Interestingly, no associations were found between ANGPTL3 levels and the lipid profile, lipid ratios and anthropometric measures, which is consistent with observations of other authors (Hatsuda et al., 2007; Miida et al., 2008; Robciuc et al., 2010; Shimamura et al., 2007). However, contrary to other researches (Popovic et al., 2010; Scheers et al., 2007), in the present study we found only modest differences in the lipid profile and lipid ratios, related to physical activity status of our subjects. These changes were accompanied with slight differences in serum ANGPTL3 levels between relatively sedentary individuals and their more active peers. The observed lack of the expected alterations in the lipid profile can be attributed both to the mode and volume of exercise training applied by our physically active students.
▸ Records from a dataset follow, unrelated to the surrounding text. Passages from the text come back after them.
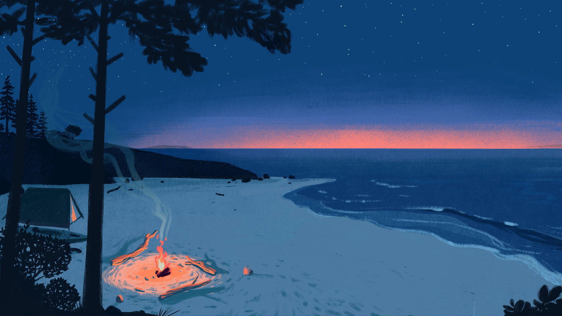 沙滩 海浪 烟火 露营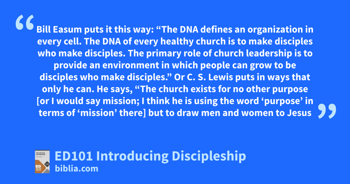 Bill Easum puts it this way: “The DNA defines an organization in every cell. The DNA of every healthy church is to make disciples who make disciples. The primary role of church leadership is to provide an environment in which people can grow to be disciples who make disciples.” Or C. S. Lewis puts in ways that only he can. He says, “The church exists for no other purpose [or I would say mission; I think he is using the word ‘purpose’ in terms of ‘mission’ there] but to draw men and women to Jesus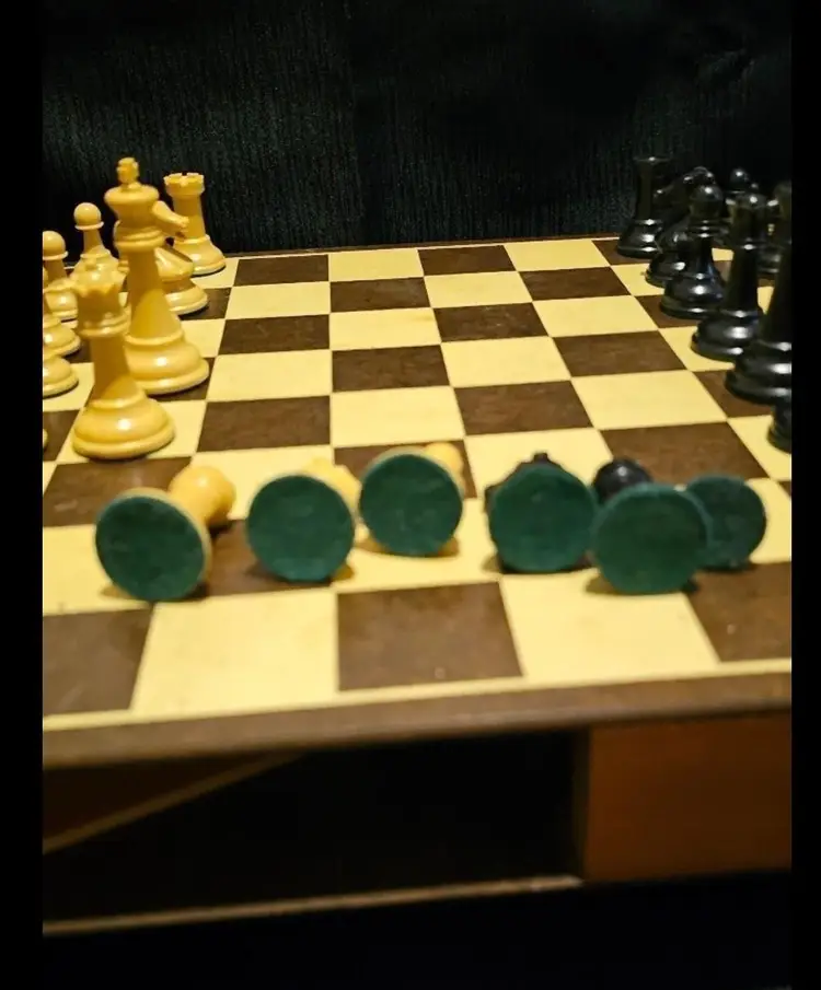 From one of the very best makers of CHESS this set has corner pockets that swivel under the board to store your pieces in. Set is complete King 2½"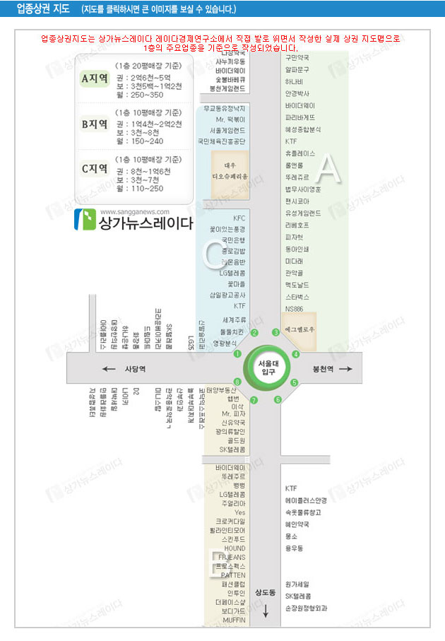 ¿ì¼± ¼¿ï´ëÀÔ±¸¿ª¿¡¼ °¡Àå À¯µ¿Àα¸°¡ ¸¹Àº 3¹øÃⱸ¿¡¼ °ü¾Ç±¸Ã»±îÁöÀÇ ´ë·Îº¯ (¸ÊÁöµµ»ó AÁö¿ª)Àº ¼¿ï´ë, °ü¾Ç»ê¹æÇâÀ¸·Î Çü¼ºµÇ¾î ÀÖ¾î¼ ´ëÇлýµéÀÇ ¸ð½Àµµ ¸¹ÀÌ º¸ÀÌÁö¸¸, ¿ÀÈ÷·Á ÁÖ ¼Òºñ°èÃþÀº ½Å¸²9µ¿, ½Å¸²2µ¿¿¡ °ÅÁÖÇÏ´Â ÀþÀºÀ̵éÀÌ´Ù.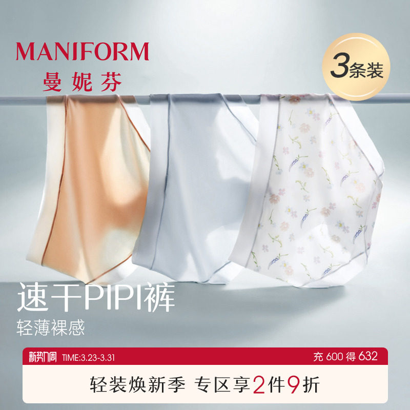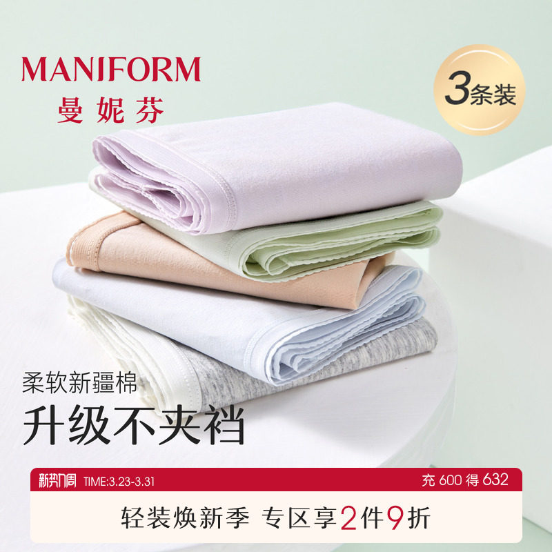 3条装曼妮芬速干底裤女士舒适薄款内裤低腰纯棉抗菌底裆三角短裤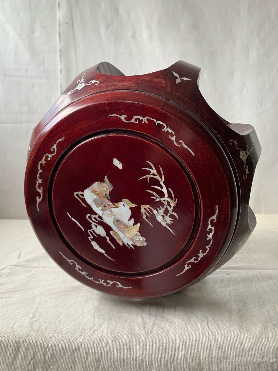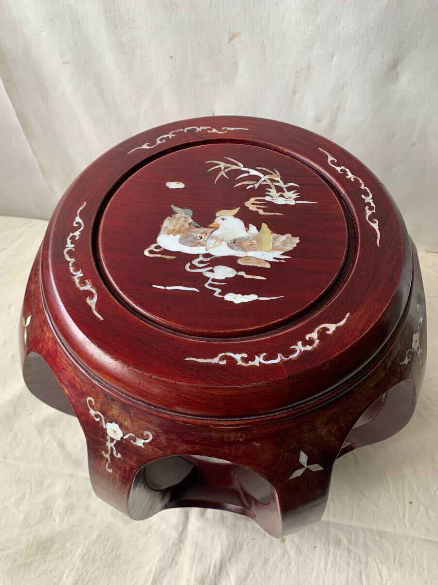 旧家蔵出し品 螺鈿デザインが素敵な木製台です。花台や展示台、スツールなどとして、お部屋のインテリアやお店のディスプレイ、イベント出店時の什器などに使って頂くと素敵だと思います。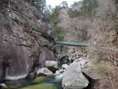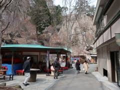 まず、昇仙峡入口の長潭(ながとろ)橋袂の渓水館というそば処に立ち寄って昼食を摂る。ここで昇仙峡の地図を貰い、渓谷沿いの車道を車で進む。この道は通常、車両の通行が規制されているが、今日は観光シーズン外の平日なので通行可。他に通る車は見ないが、歩いている人はそこそこ居て、外国人観光客の団体などともすれ違う。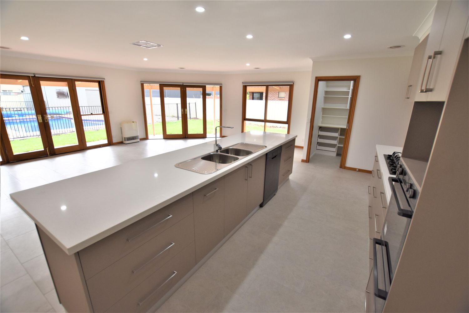 The home is highlighted by a stunning new kitchen with Caesar stone bench tops overlooking the spacious northerly facing living area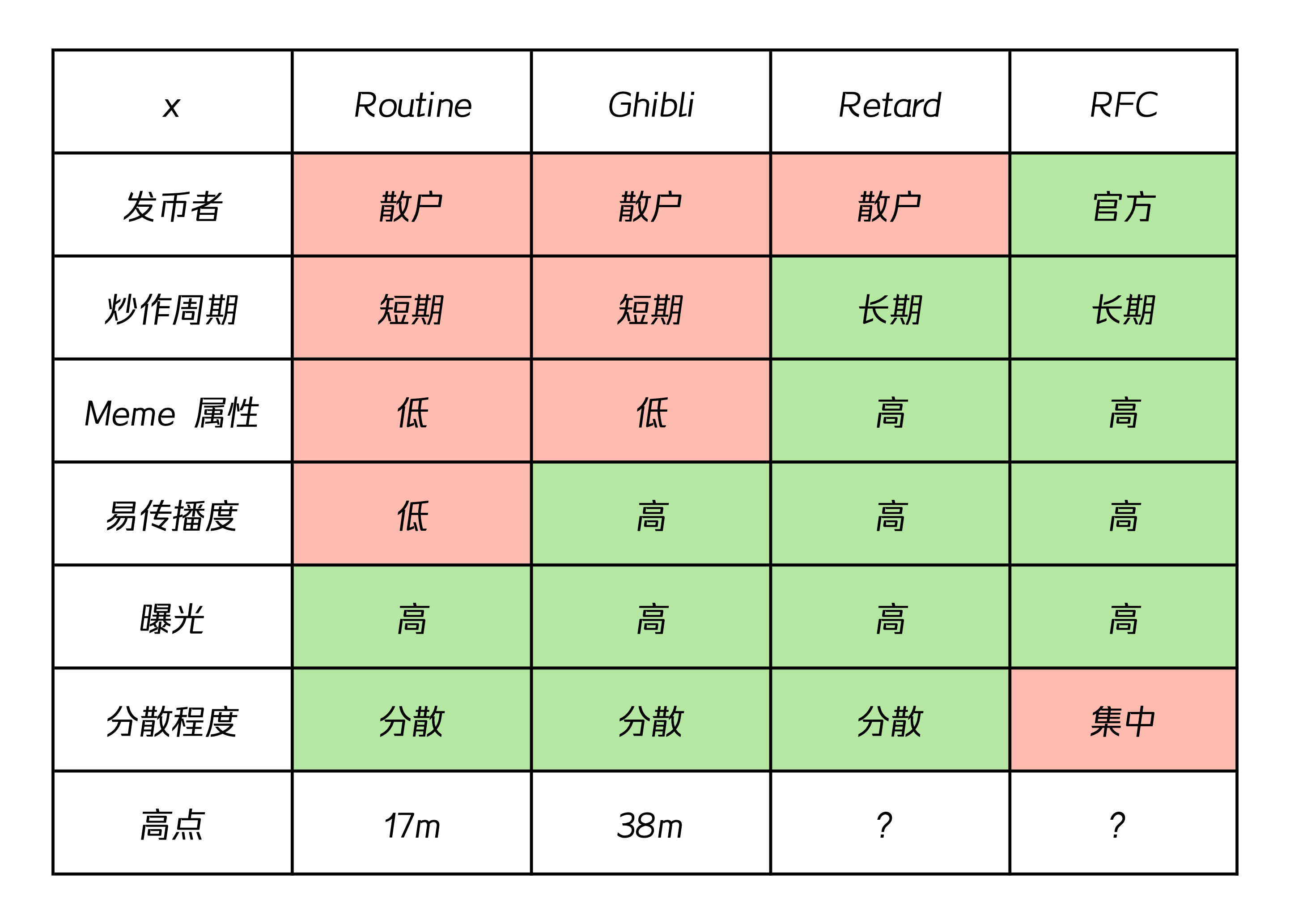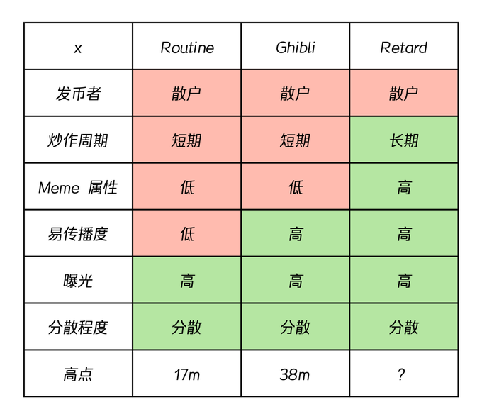 那时候的 Solana 刚刚出过了两个大金狗,分别是 #Routine 和 $Ghibli ,所以我简单地从 6 个维度去对比了他们三者之间的属性👇

Their habitual training program contained both an endurance and resistance type of muscular activity, while a health oriented and lipid lowering training regime is based mainly on typical endurance activities (Durstine et al., 2001). Additionally, the intensity of training workouts was probably too low to induce the pronounced changes in the lipid profile (Durstine et al., 2001; Tambalis et al., 2009). To the best of our knowledge, there are no data on physical activity-related changes in the ANGPTL3 level, which implies that further investigations in this area are needed.

The main limitations of this study were its cross-sectional design, relatively small sample sizes, and lack of information on the subjects’ dietary intake as well as the actual physical workloads, which limit the generalisability of research findings.

In conclusion, regular participation of young adults in recreational physical activities is not associated with marked alterations in the level of circulating, liver derived ANGPTL3 and lipid profile measures, although independent of physical activity status, serum contents of ANGPTL3 and HDL-C are higher in females than in males. Lower levels of the TG/HDL-C ratio and AIP in physically active compared to relatively sedentary participants, reflecting predominance of large, buoyant LDL particles, strongly support the view of beneficial health-promoting effects of regular participation in recreational activities.